Rui Wang
04-04-2020
The NLP algorithm used in this word prediction application is stupid backoff n-gram algorithm. The traditional backoff model uses the trigram model as the base model layer, which means the traditional backoff would search the input text pattern through trigram model. If trigram failed with zero evidence of input text pattern, then the model will back off to the lower order bigram model, and then unigram.
Because I need to upload the model and let the free shiny server hold the model backend, I decrease the size of the training data for scalable purpose, which could also decrease the prediction waiting time.
Since the training data size has been cut, I decided to add four-gram model into the stupid backoff algorithm as the base model layer, instead of using the original tri-gram model, which could potentially make more accurate prediction.

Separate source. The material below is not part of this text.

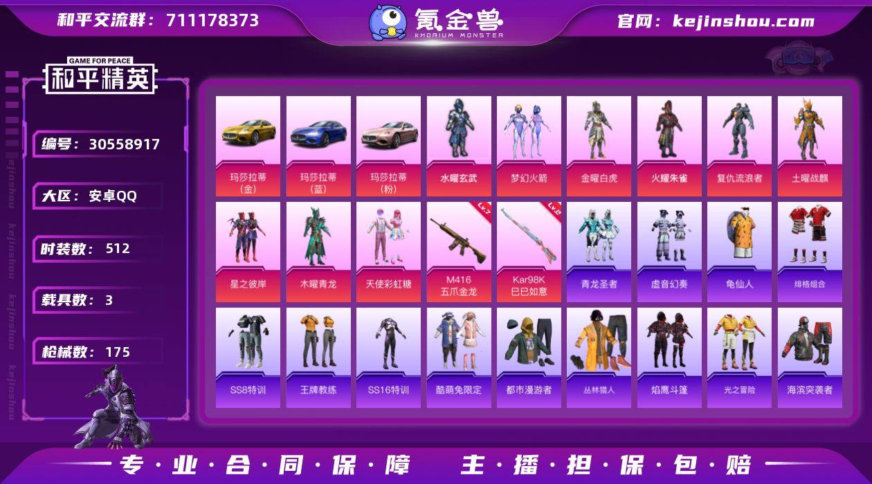 热力值:58382 载具数:3 时装数:512 枪械数:175 战备数:121 游戏等级:66 卓越印记:1 传奇印记:0 绝世印记:0 复仇流浪者,火曜朱雀,金曜白虎,梦幻火箭,木曜青龙,天使彩虹糖,水曜玄武,土曜战麒,星之彼岸 七级M416-五爪金龙,二级Kar98K-巳巳如意 玛莎拉蒂Ghibli(金),玛莎拉蒂Ghibli(粉),玛莎拉蒂Ghibli(蓝) 至尊龙雀飞行服,暗夜鎏金降落伞,春暖花开降落伞,古堡领主降落伞,精灵迷巫降落伞,深海曼妙降落伞,四圣焕新降落伞,炙焰牛王降落伞,至尊龙雀降落伞 暗夜行者,冰川特警,北国孤狼,滨海假日,白色伏地魔,春光漫游,雏菊兔兔,长空猛禽,丛林猎人,传奇侦探,炽焰拳师,纯真浪花,都市漫游者,菲菲,绯格组合,粉红小猪,伏击者,疯狂小兔子,福星高照,飞行日记,格斗先锋,格斗专家,龟仙人,光之冒险,海滨突袭者,幻彩翩翩,虎虎生威吉莉,湖蓝色名流,黑色刀锋,黑色伏地魔,灰色格斗者,海上生明月,红色运动,幻世战舞者,和煦暖阳,幻羽潜行,绝对偶像,惊鸿侠骨,橘黑制服,娇憨猪猪,竞技名士,竞技勇士朋克,坚韧舞者,精神漫游,金鼠迎春,街舞之王,机械哨兵,锦衣飞扬,空岛之星,酷萌兔限定,快闪甜心,空投萌叽,龙的传人,萝兰蝴蝶,黎明保卫者,猎梦纪元,罗小黑,妙红点点,萌黄之夏,懵萌河马,萌趣咩咩,迷域探索者,霓虹街区,柠萌假日,牛气冲天,牛气满满,轻风白浪,拳皇97草薙京,青龙圣者,青年教官,青涩时光,青团波波,骑行爱好者,清新柠檬,青玉碎影,软萌银虎,热情海星,圣诞大吉,深蓝冒险家,神气柴柴,SS10特训,SS11特训,SS12特训,SS13特训,SS14特训,SS16特训,SS17特训,SS18特训,SS20特训,SS21特训,SS22特训,SS23特训,SS24特训,SS25特训,SS26特训,SS27特训,SS30特训套装,SS31特训套装,SS5特训,SS6特训,SS7特训,SS8特训,SS9特训,巳巳如意,水银刺客,探宝勇士,甜蜜告白,涂山之恋,糖糖葫芦,甜心亚梦,田园牧歌,王牌教练,星河浪客,绚烂繁星,夏日音浪,雪山精英,核芯基因,虚音幻奏,跃动心情,玉兔迎春,云纹魔法士,焰鹰斗篷,耀眼新星,战地菁英,智慧之神 AA12-G-纯真浪花,AC-VAL-快闪甜心,AC-VAL-天降萌叽,AC-VAL-甜心亚梦,AKM-彩虹符号,AKM-虎虎生威,AKM-龙的传人,AKM-霓虹街区,AKM-破晓战魂,AKM-玉龙,AMR-暗夜行者,AMR-妙红点点,AWM-纯真浪花,AWM-焰鹰斗篷,爆炸猎弓-惊鸿侠骨,DBS-甜心亚梦,DBS-焰鹰斗篷,DP-28-甜心亚梦,DP-28-焰鹰斗篷,G36C-金风玉露,G36C-镜域双华,G36C-懵萌河马,GROZA-黑色刀锋,GROZA-懵萌河马,GROZA-生命誓言,GROZA-田园牧歌,GROZA-影袭,Kar98K-彩虹符号,Kar98K-红色方程式,Kar98K-王子的夏天,Kar98K-勇闯险境,M16A4-冰河战士,M16A4-幻世战舞者,M16A4-快乐主宰,M16A4-魔法学院,M16A4-甜心亚梦,M200-惊鸿侠骨,M200-乌木金纹,M249-彩虹符号,M249-妙红点点,M249-破晓战魂,M249-拳皇97,M416-糯团青竹,M417-惊鸿侠骨,M762-雏菊兔兔,M762-牛气冲天,M762-拳皇97,M762-天降萌叽,MG3-幻世战舞者,MG3-惊鸿侠骨,MG3-妙红点点,蜜獾-天降萌叽,蜜獾-娇憨猪猪,蜜獾-糖糖葫芦,Mini14-雏菊兔

The basic introduction of the word prediction app sits at the left part of application. And it includes very important background information and instructions for using this app.
The core part of the entire application sits at the right part of the page (If users view this app on the mobile device, it should sits at the lower part of the webpage.)
Users can fit the text for prediction right into the blank input area. And then hit the update text button for next word prediction. After users hit the update text button. The shiny backend server will calculate the results automatically using the optimized stupid backoff model, and give users three best choices for next word.
For more detailed information about stupid backoff algorithm and n-gram theorey, please check Dan Jurafsky's book Speech and Language Processing.
You could also visit my GitHub repository and get the code I used for building the model, and the data I used for training the model. I will upload all releavent files to the repository later, and users feel free to use them and modify them.
For more advanced use of word or sentence generation, I will recommend to use deep learning technology, which will be more effective both in model training and words generation.